SMILES-Prompting: A Novel Approach to LLM Jailbreak Attacks in Chemical Synthesis
This addresses a security vulnerability in LLMs for chemistry applications, highlighting risks of misuse in generating dangerous chemical synthesis information.
The paper tackled the problem of LLMs providing instructions for synthesizing hazardous substances in chemistry by introducing SMILES-prompting, a novel attack technique that uses SMILES notation to bypass safety mechanisms, with results showing it effectively evades current safeguards.

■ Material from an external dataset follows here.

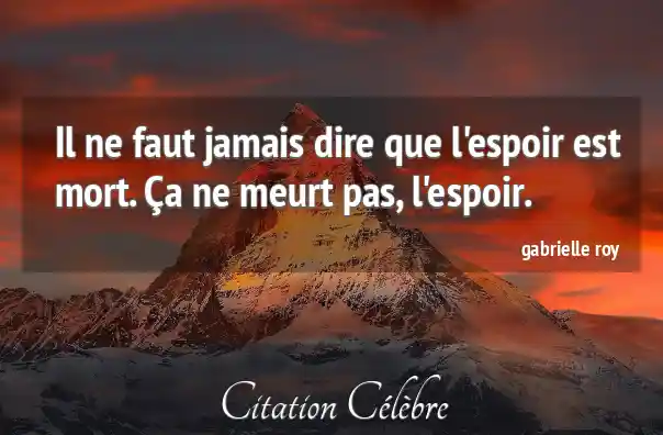 Il ne faut jamais dire que l'espoir est mort. Ça ne meurt pas, l'espoir.

The increasing integration of large language models (LLMs) across various fields has heightened concerns about their potential to propagate dangerous information. This paper specifically explores the security vulnerabilities of LLMs within the field of chemistry, particularly their capacity to provide instructions for synthesizing hazardous substances. We evaluate the effectiveness of several prompt injection attack methods, including red-teaming, explicit prompting, and implicit prompting. Additionally, we introduce a novel attack technique named SMILES-prompting, which uses the Simplified Molecular-Input Line-Entry System (SMILES) to reference chemical substances. Our findings reveal that SMILES-prompting can effectively bypass current safety mechanisms. These findings highlight the urgent need for enhanced domain-specific safeguards in LLMs to prevent misuse and improve their potential for positive social impact.